Burning continues Lee’s earlier conventions both in its small-town setting and in the socially alienated character of Jong-su, who is much more of a traditional Lee protagonist than Ben; however, Burning’s exploration of the mystery-thriller genre, as well as its focused attention on issues of class and globalization, open the film up to a more nuanced and compelling tonal register.
The film reminds us several times of Hae-mi’s severe credit card debt and Jong-su’s job insecurity; the television blares headlines of Korea’s youth unemployment crisis; the unsightly and unattended plastic greenhouses Ben claims to enjoy burning are themselves symbols of Korea’s rural blight. The film’s formal questions—who Ben is, where his money comes from, whether or not he’s a murderous psychopath—have a way of lapsing into broader questions that are just as unanswerable. Where is great wealth amassed in today’s Korea? What are the social and economic forces driving income inequality in Korea?
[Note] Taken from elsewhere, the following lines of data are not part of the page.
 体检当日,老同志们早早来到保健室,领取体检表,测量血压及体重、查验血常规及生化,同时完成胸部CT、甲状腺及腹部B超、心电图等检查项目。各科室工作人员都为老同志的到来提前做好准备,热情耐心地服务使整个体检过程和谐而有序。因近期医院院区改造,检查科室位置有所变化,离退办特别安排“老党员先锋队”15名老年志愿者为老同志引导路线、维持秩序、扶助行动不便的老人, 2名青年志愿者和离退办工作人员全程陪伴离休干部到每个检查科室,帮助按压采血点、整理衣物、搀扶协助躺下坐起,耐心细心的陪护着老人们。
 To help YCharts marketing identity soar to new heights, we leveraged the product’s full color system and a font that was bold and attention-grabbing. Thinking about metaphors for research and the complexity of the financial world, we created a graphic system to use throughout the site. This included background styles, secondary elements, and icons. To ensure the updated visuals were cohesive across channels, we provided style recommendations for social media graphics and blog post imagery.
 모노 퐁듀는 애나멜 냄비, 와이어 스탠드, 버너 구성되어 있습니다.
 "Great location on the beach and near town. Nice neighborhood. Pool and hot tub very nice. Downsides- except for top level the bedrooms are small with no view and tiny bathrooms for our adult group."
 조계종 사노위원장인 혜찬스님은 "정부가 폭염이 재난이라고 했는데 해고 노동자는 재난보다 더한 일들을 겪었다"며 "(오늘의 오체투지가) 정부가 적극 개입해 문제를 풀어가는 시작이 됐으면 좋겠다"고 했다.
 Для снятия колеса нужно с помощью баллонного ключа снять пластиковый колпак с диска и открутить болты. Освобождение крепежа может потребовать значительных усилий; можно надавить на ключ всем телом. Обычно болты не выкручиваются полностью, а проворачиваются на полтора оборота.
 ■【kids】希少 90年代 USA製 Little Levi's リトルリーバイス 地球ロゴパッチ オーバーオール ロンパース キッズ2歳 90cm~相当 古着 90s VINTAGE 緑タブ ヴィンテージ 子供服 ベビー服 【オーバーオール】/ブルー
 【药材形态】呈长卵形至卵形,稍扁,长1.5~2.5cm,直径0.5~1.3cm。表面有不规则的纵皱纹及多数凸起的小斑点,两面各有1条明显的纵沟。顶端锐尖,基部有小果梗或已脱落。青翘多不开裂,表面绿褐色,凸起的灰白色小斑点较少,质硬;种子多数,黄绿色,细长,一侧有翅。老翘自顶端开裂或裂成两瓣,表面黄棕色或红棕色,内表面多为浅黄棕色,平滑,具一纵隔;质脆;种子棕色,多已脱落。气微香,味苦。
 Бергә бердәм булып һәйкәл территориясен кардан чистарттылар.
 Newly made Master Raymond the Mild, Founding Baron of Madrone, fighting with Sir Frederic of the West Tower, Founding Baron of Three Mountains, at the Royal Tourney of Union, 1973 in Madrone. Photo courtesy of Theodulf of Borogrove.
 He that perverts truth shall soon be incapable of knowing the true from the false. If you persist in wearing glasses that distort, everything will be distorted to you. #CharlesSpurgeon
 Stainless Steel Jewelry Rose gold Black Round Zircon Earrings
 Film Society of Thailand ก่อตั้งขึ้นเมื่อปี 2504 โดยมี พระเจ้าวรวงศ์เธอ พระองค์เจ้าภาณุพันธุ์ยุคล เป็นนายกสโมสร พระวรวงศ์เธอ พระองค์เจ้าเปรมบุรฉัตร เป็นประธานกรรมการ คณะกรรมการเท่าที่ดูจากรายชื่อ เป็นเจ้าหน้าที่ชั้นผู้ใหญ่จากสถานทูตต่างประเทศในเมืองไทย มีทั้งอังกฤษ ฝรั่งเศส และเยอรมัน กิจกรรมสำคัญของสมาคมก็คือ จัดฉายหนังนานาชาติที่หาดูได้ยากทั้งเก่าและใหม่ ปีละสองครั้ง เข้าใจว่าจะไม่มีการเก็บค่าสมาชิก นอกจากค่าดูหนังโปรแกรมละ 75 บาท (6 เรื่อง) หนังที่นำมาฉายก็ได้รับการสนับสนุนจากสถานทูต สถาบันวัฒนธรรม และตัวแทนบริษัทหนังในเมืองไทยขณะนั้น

The film’s central question—“who is Ben?”—is also central to other related and pressing questions: “what does the future hold for Jong-su and Hae-mi” or “what future does Korea hold for young Koreans?”
As to the question of Ben: Ben provokes Jong-su’s frustration, anger even, not because Ben is a villainous character but because he conceals his character. It is difficult to tell what lies behind Ben’s aloofness; nothing sticks: all of his surfaces are too slick, too slippery. It would be easier to believe that there is something hidden beneath the surface, some deep and perverse secret about Ben, rather than acknowledge the fact that there might be nothing behind his surfaces at all.
Ben remains a mystery—or, to be more precise, Ben remains a riddle. The English subtitles for the film’s release stateside mistranslates the Korean word for riddle (수수께끼) as mystery, as when Ben asks Jong-su what type of novel he’s interested in writing and Jong-su responds that the world appears to him to be a riddle. It’s worthwhile to consider the meaningful distinction between riddle and mystery. A riddle is like a puzzle; it is intentional, constructed, singular, while a mystery might speak to a more generic state of unknowing that comes from chance or ignorance. A riddle is also a paradox: by its design, a riddle must resist revealing the secret that makes it a riddle—and yet any riddle’s ultimate purpose is to reveal the very secret that would no longer make it a riddle and, in the very same moment, allow the riddle to be seen and appreciated in its full form. It is this very paradox that Lee explores in the Burning’s final scene.
It is unusual for an actor to play a prominent role across a string of three consecutive and critically acclaimed films dealing squarely with issues of capitalism, race, and class, and it is unprecedented for an American actor of Korean descent to do so. Yeun’s role as Squeeze, a labor organizer, in Boots Riley’s Sorry to Bother You is remarkable in light of Asian-American history: Squeeze explicitly challenges the way in which Asian-Americans have been, and continue to be, racially triangulated between Black and White interests so as to serve White interests and perpetuate their own status as perpetual foreigners.
Yeun's subtle performance in Burning rounds out what have been three unorthodox roles in three unorthodox films that consider race and class in a global context; these films blur the line between what counts as American cinema and what counts as world cinema, both in their subject matter and their perceived audience. Yeun gives us good reason to be optimistic about the many different roles Asian-Americans can play in this more flexible landscape. As films like Burning reach a broader and more diverse audience, so too may the roles available to Asian-American actors expand.